Sunday, April 8, 2012

Crime Read-Along: Murders in the Rue Morgue

Books on the Nightstand hosted the first posts for the Crime Read-Along I posted about a couple weeks ago.
There was an interesting piece about the connection between Early Detective Fiction and France, including Eugène François Vidocq, a Frenchman, who created what we now call forensics. His autobiography is apparently full of the tall tales and adventures of this charismatic criminal-turned-detective.

The first piece for the read-along is "Murders in the Rue Morgue" by Edgar Allan Poe.

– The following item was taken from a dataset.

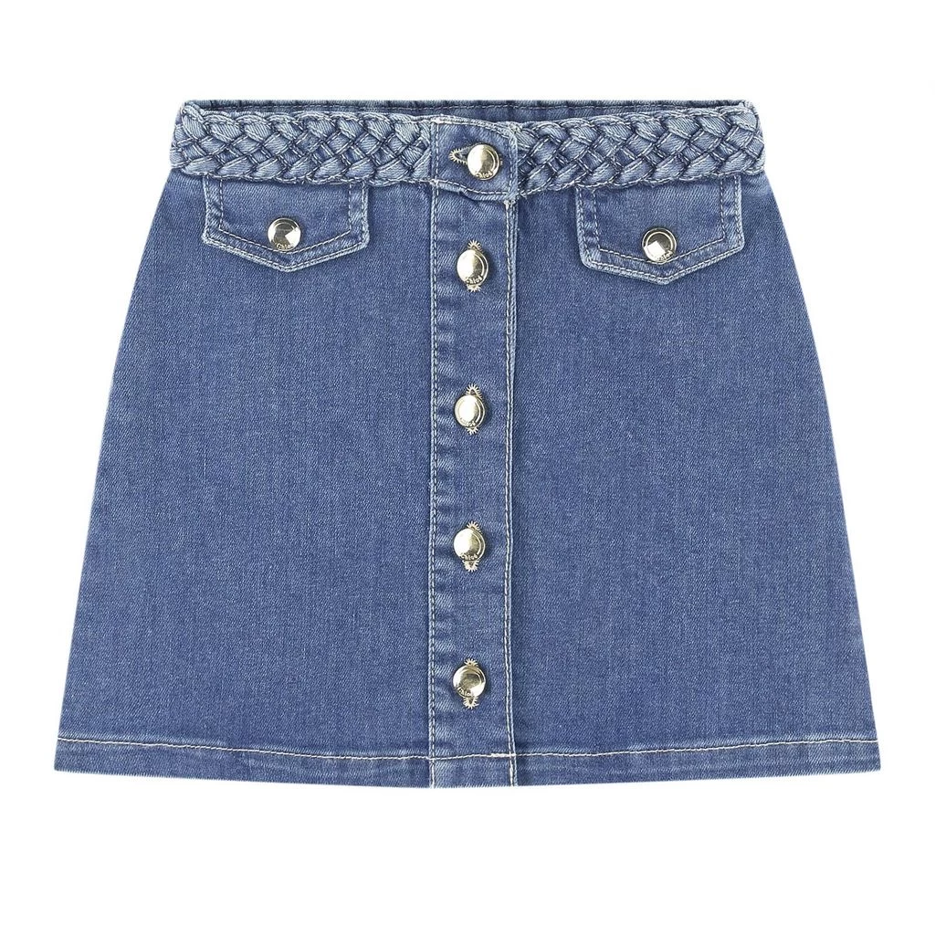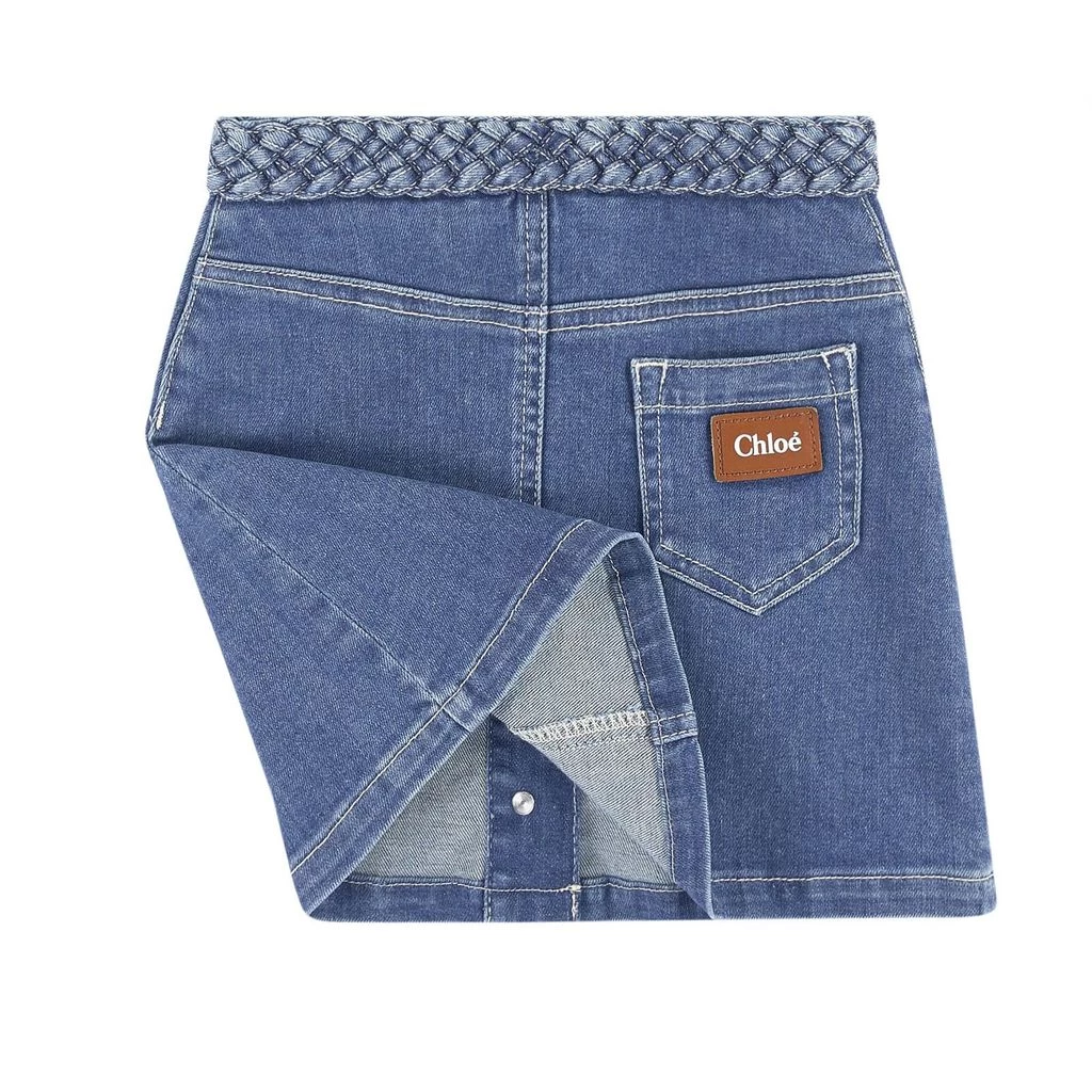 Jupe Mini Me denim skirt by Chloé. The skirt has a button closure at the front. It has an adjustable button-elastic waist, faux pockets at the front, two back pockets and a logo detail at the back.

I found the opening of the story very challenging, I began reading the story several times and abandoned it after a paragraph or two of Poe's meanderings. Having now pressed on and finished the story, I don't think the beginning bit was needed. It seemed as if he had an essay about the relative merits of various games that he stuck onto this story to pad it out (paid by the word perhaps?)
The question of whether genius or creativity is more important for a detective is an interesting one. In this story I don't think it is that relevant, but it is common in detective fiction that the detective has a sidekick, sometimes it is always the same one (Holmes and Watson for example) and other times it changes from story to story (as for Sue Grafton's Kinsey Millhone) The combination of knowledge/genius, creative thinking, and a certain amount of dumb luck (that the hair was still in the woman' hand, for example) comes into play in the solving of the puzzle.
The elements of detective fiction are certainly present in this story. I was struck by the similarity of the presentation (a list of witness testimony, here presented as a newspaper account) of the information to the form found in modern true-crime writing.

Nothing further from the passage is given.